傍目八目おかめはちもくと云う言葉を知らぬのか?咫尺しせきを弁ぜぬ闇であろうが、傍からの眺めに徹した方が敵の手の内がはっきりと見えてくる――今のわしにはな、吉原のまだるっこしやり方よりもあの若造の方が遥かに面白いし、むしろ好都合というわけじゃ。それに――」

 ここで一旦言葉を切ると、

「あの片瀬蘭之介という同心が只の食わせ者でないことはわしやおまえ達以外の連中もお見通しの筈じゃ。奴が此処に着いて早々、こうしてあちこちから煩い蠅がたかってきよったのが何よりの証拠。ならば、それを利用して事を如何に有利に運ぶように仕掛けるかはごく当然のことじゃ」

 それを聞いてお鬼怒は、

「ふーん、それがあの寝ぼけ眼を無理矢理にでも起こさせる理由かい。もっともらしいことを言ってるようだけど、要は敵同士をけしかけて自分は安全なところから高みの見物って意味だろ?ほんと、人ってのは老いれば老いる程、ろくな事しか考えないんだね」

「その、ろくな事の行き着いた果てがこの江戸というくだらぬ仮想世界そのものではないのか?」

 この老人の言葉に二人の眼に一瞬、鋭い光を浮かんだ。

「そこに住む人間やその中に紛れてのさばる、おまえ達や吉原の魔性ども――どれも全て嘘偽りの泥で塗り固めた、実にろくでもないまがい物。何が“浮世絵の如き極彩色の世界”じゃ!いくら精妙巧緻せいみょうこうちに創られていようが、所詮は現世うつつに背を向けた、どこぞの愚かものが寝返りを打ちながら見ている夢まぼろし!――違うか!?」

 それまでとは一転して激しい怒気を孕んだ、虚空からの老人の声。それに呼応するように突然、別の何かが二人の耳孔をつんざいた。

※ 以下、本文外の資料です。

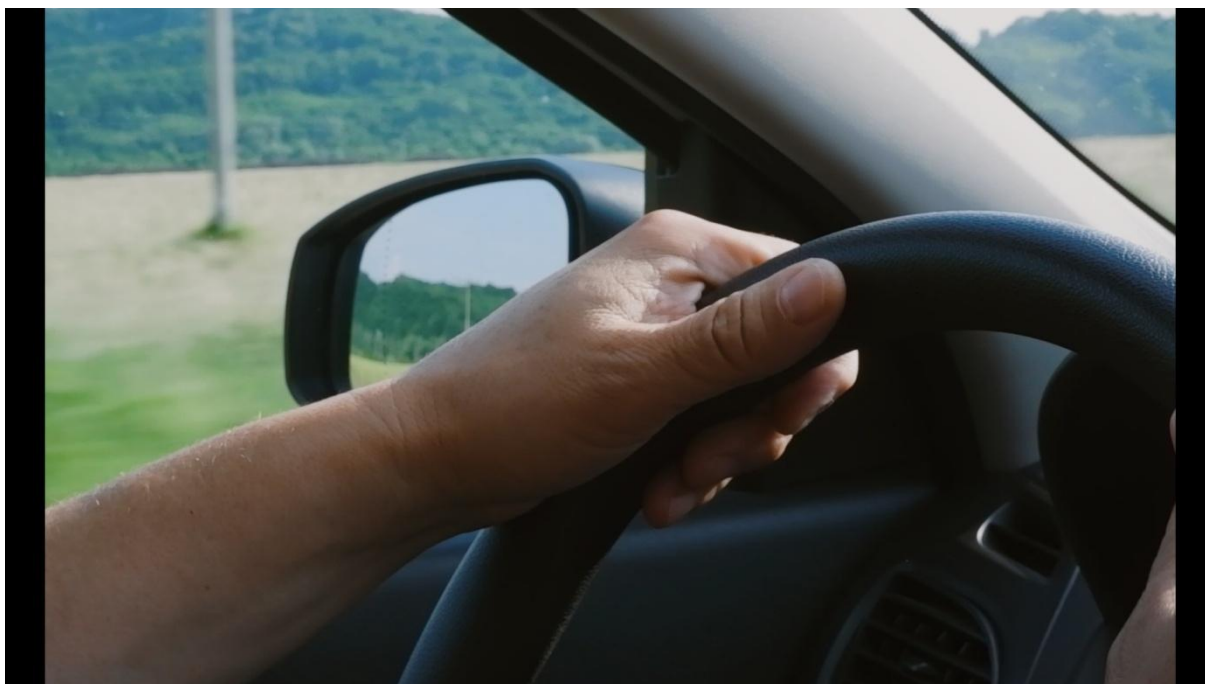
Slika 17, Entropija, 2021.

Na Slici 17 vidimo primjer otvorenog kadra koji sam po sebi ne pruža dovoljno konteksta i ne sadrži dovoljno narativnog značaja. Za protumačiti ovaj kadar potrebno je još informacija. Na Slici 18 možemo vidjeti zatvoreni kadar koji sadrži dovoljno informacija kako bi se došlo do određenih zaključaka: Jasno možemo vidjeti lokaciju, subjekte, te prijevozno sredstvo kojim su stigli na lokaciju. Sve potrebne informacije se nalaze u kadru.

 それもまた、先ほどの嗄れ声のように天から降ってきた。否――地の底から噴き上がってきた、と云うべきか。

 まるでそれは赤子の激しい鳴き声を大音量で、しかも逆再生させたような身の毛がよだつものだった。

 そして、その不気味な声は更なる異変を呼び起こした。

「・・・・・・何か、おっぱじめやがったぞ」

 そう呟いた冴兵司の視線の先――

 白い世界に屹立する黒頭巾の一団。その長衣の下から突如、耳を塞ぎたくなるような不快な音が布地の下から上がり、白い空間を震わせたのだ。

 それは何かが捻れ、折れ曲がり、引き千切れる、嫌悪感極まりない音。

 その音が漏れる度に頭巾達の細い身体は大きくのけ反るように痙攣し、その長衣の上が波打ちながら変形してゆくのが見てとれた。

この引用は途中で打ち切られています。